VIII

   Покуда Юрий спит и обманчивые сновидения попеременно то терзают, то услаждают его душу, мы должны возвратиться к новобрачным, которых оставили посреди улицы. Читатели, вероятно, не забыли, что Кирша вмешался в толпу гостей, а Кудимыч шел впереди всего поезда. Толпа народа, провожавшая молодых, ежеминутно увеличивалась: старики, женщины и дети выбегали из хижин; на всех лицах изображалось нетерпеливое ожидание; полуодетые, босые ребятишки, дрожа от страха и холода, забегали вперед и робко посматривали на колдуна, который, приближаясь к дому новобрачных, останавливался на каждом шагу и смотрел внимательно кругом себя, показывая приметное беспокойство. Не дойдя несколько шагов до ворот избы, он вдруг остановился, задрожал и, оборотясь назад, закричал диким голосом:
   – Стойте, ребята! никто ни с места!
   Глухой шепот пробежал по толпе; передние стали пятиться назад, задние полезли вперед, следуя народной пословице: «на людях и смерть красна», каждый прижимался к своему соседу, и, несмотря на ужасную тесноту, один Кирша вышел вперед.

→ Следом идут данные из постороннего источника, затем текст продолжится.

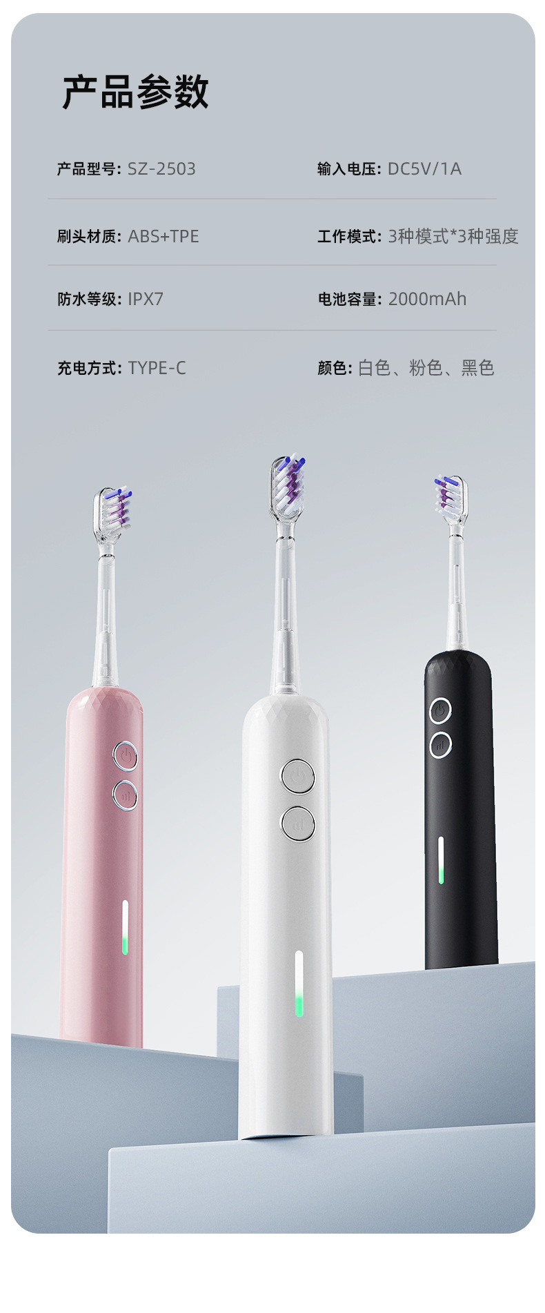 2503 진동전동칫솔 [블랙] 칫솔모 3개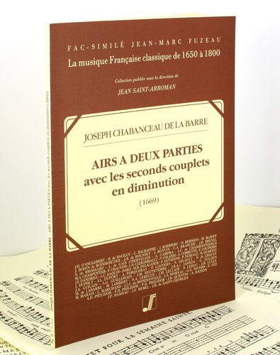Airs à deux parties, avec les seconds couplets en diminution. . Fac-Similé FuzeauPartition pour Voix (dessus, mezzo, taille, basse) et Basse ContinueEdition : Paris, C. Ballard, 1702Dans sa table des matières, le compositeur précise que les six premiers motets peuvent être chantés par une soprano ou un ténor.Présentation de Philippe Lescat : Terminologie italienneJean Saint-Arroman : Chiffrages de la basse continueCompositeur : BROSSARD Sébastien deAuteur : LESCAT Philippe - SAINT-ARROMAN JeanCollection : Musique Française classique de 1650 A 1800Contenu :Ave Vivens Hoftia - O Jefu quam dulce - Congratulamini filiae Sion - O vos aetherei - Feftivi Martyres - Angele Sancte - Sonitus armorum - Quemadmodum defiderat - O plenus irarum DiesFormat : 24 x 33Nombre de pages : 108Date de parution : 02/1986Partition pour Voix (dessus) et Basse continue.Editions : Paris, R. Ballard, 1669Ces airs sont notés en clef de Sol seconde ou clef d'Ut première pour la partie supérieure. Les textes conviennent cependant plutôt à des hommes qu'à des femmes. Bien que la clef de Sol et la clé d'Ut première correspondent plus généralement à la voix de soprano (dessus), on pourra faire chanter ces airs par un ténor ou une voix de haute-contre Française, conformément aux usages du XVIIe siècle.Présentation de Philippe Lescat : vie et oeuvre de Joseph Chabanceau de La BarreJean Saint-Arroman : la notation, l'agrémentation.Compositeur : CHABANCEAU DE LA BARRE JosephAuteur : LESCAT Philippe - SAINT-ARROMAN JeanCollection : Musique Française classique de 1650 A 1800Contenu :Ah!je fens que mon coeur - Allez Bergers duffus l'herbette - Depuis quinze, jufqu'A trente - Dequoy me fert de voir - Forefts folitaires, & fombres - François? foyez tous réjouïs - J'avois juré de n'aymer plus - Il faut aymer une Bergere - L'aymable Iris eft de retour - Petit ruiffeau qui coulez lentement - Plus je penfe A ma Maitreffe - Quand on vous dit que l'on vous ayme - Quand une ame eft bien atteinte - Si c'eft un bien que l'efperance - Triftes...

   Меж тем Кудимыч делал необычайные усилия, чтоб подойти к воротам; казалось, какая-то невидимая сила тянула его назад, и каждый раз, как он подымал ногу, чтоб перешагнуть через подворотню, его отбрасывало на несколько шагов; пот градом катился с его лица. Наконец, после многих тщетных усилий он, задыхаясь, повалился на землю и прохрипел едва внятным голосом:
   – Ох, неловко!.. Неладно, ребята!.. Чур меня, чур!.. Никто не моги трогаться с места!.. Ох, батюшки, недаровое! быть беде!..
   От этих ужасных слов шарахнулась вся толпа; у многих волосы стали дыбом, а молодая почти без чувств упала на руки к своему отцу, который трясся и дрожал, как в злой лихорадке.
   – Что нам делать? – спросил дьяк, заикаясь от страха.
   – Погоди! дай попытаюсь еще, – отвечал Кудимыч, приподнимаясь с трудом на ноги. Он пробормотал несколько невнятных слов, дунул на все четыре стороны и вдруг с разбега перепрыгнул через подворотню.
   – Ну, теперь не бойтесь ничего! – закричал он. – Наша взяла! Все за мной!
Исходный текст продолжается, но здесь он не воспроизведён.